We have two (narrow) capillary tubes `T_1` and `T_2` . Their lengths are `l_1` and `l_2` and radii of cross-section are `r_1` and `r_2` respectively. The rate of flow of water under a pressure difference P through tube T is `8 cm 3// sec`. If `l_1 = 2l_2` and `r_1 = r_2` what will be the rate of flow when the two tubes are connected in series and pressure difference across the combinatin is same as before `(= P)`

To solve the problem, we need to analyze the flow of water through two capillary tubes connected in series.
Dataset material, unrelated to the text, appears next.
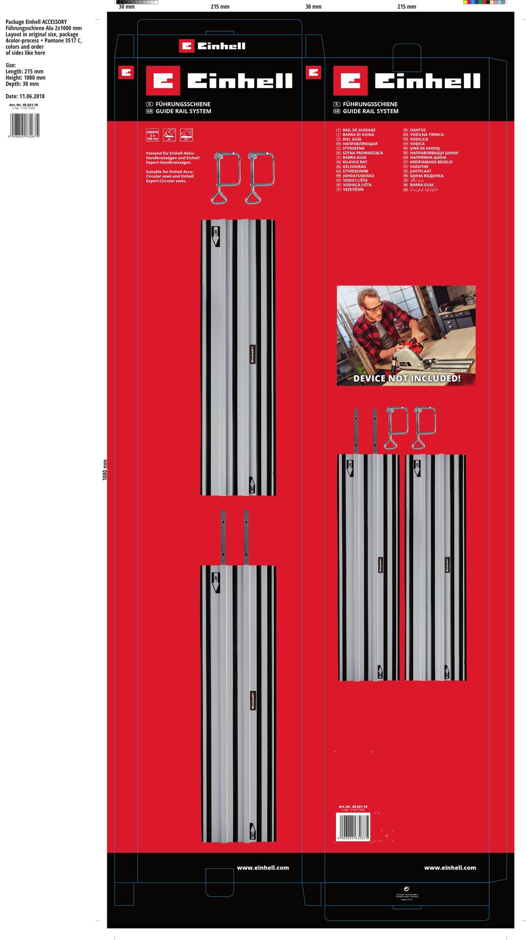 Dank der Einhell Führungsschiene Alu 2x1000mm gelingen Schnitte sauber und präzise. kompatibel mit der Tauchsäge und den Einhell Expert- Handkreissägen, ermöglicht die Führungsschiene rechtwinklige wie Schrägschnitte gleichermaßen. Der Gleitbelag sorgt für den Leichtlauf der Maschinen, der Splitterschutz dient dafür, saubere Schnittkanten zu erzielen. Das Verbindungselement sorgt für eine exakte Geradheit der beiden Schienenteile. Die Haftbändermachen die Unterseite rutschfest und bieten so zusätzliche Sicherheit und einen professionellen Arbeitsablauf.

We will use the principles of fluid dynamics, specifically Poiseuille's law, which describes the flow rate of a viscous fluid through a cylindrical pipe. ### Step-by-Step Solution: 1. **Understanding the Given Information:** - We have two capillary tubes, \( T_1 \) and \( T_2 \). - The lengths are \( l_1 \) and \( l_2 \), and the radii are \( r_1 \) and \( r_2 \). - It is given that \( l_1 = 2l_2 \) and \( r_1 = r_2 \). - The rate of flow through tube \( T_1 \) is \( Q_1 = 8 \, \text{cm}^3/\text{sec} \). 2. **Using Poiseuille's Law:** - The volume flow rate \( Q \) through a capillary tube is given by: \[ Q = \frac{P \pi r^4}{8 \eta L} \] where \( P \) is the pressure difference, \( \eta \) is the viscosity of the fluid, \( r \) is the radius, and \( L \) is the length of the tube. 3. **Finding the Resistance for Each Tube:** - The resistance \( R \) for a tube can be expressed as: \[ R = \frac{8 \eta L}{\pi r^4} \] - For tube \( T_1 \): \[ R_1 = \frac{8 \eta l_1}{\pi r_1^4} \] - For tube \( T_2 \): \[ R_2 = \frac{8 \eta l_2}{\pi r_2^4} \] 4. **Substituting the Lengths:** - Since \( l_1 = 2l_2 \) and \( r_1 = r_2 \), we can express \( R_2 \) in terms of \( R_1 \): \[ R_2 = \frac{8 \eta l_2}{\pi r^4} = \frac{8 \eta \frac{l_1}{2}}{\pi r^4} = \frac{R_1}{2} \] 5. **Calculating Total Resistance in Series:** - When the tubes are connected in series, the total resistance \( R_{\text{total}} \) is: \[ R_{\text{total}} = R_1 + R_2 = R_1 + \frac{R_1}{2} = \frac{3R_1}{2} \] 6. **Finding the New Flow Rate:** - The new flow rate \( Q_{\text{total}} \) through the combination of the two tubes can be calculated using the total resistance: \[ Q_{\text{total}} = \frac{P}{R_{\text{total}}} = \frac{P}{\frac{3R_1}{2}} = \frac{2P}{3R_1} \] - Since \( Q_1 = \frac{P}{R_1} = 8 \, \text{cm}^3/\text{sec} \), we can express \( P \) in terms of \( R_1 \): \[ P = 8R_1 \] - Substituting this into the equation for \( Q_{\text{total}} \): \[ Q_{\text{total}} = \frac{2(8R_1)}{3R_1} = \frac{16}{3} \, \text{cm}^3/\text{sec} \] ### Conclusion: The rate of flow when the two tubes are connected in series is \( \frac{16}{3} \, \text{cm}^3/\text{sec} \).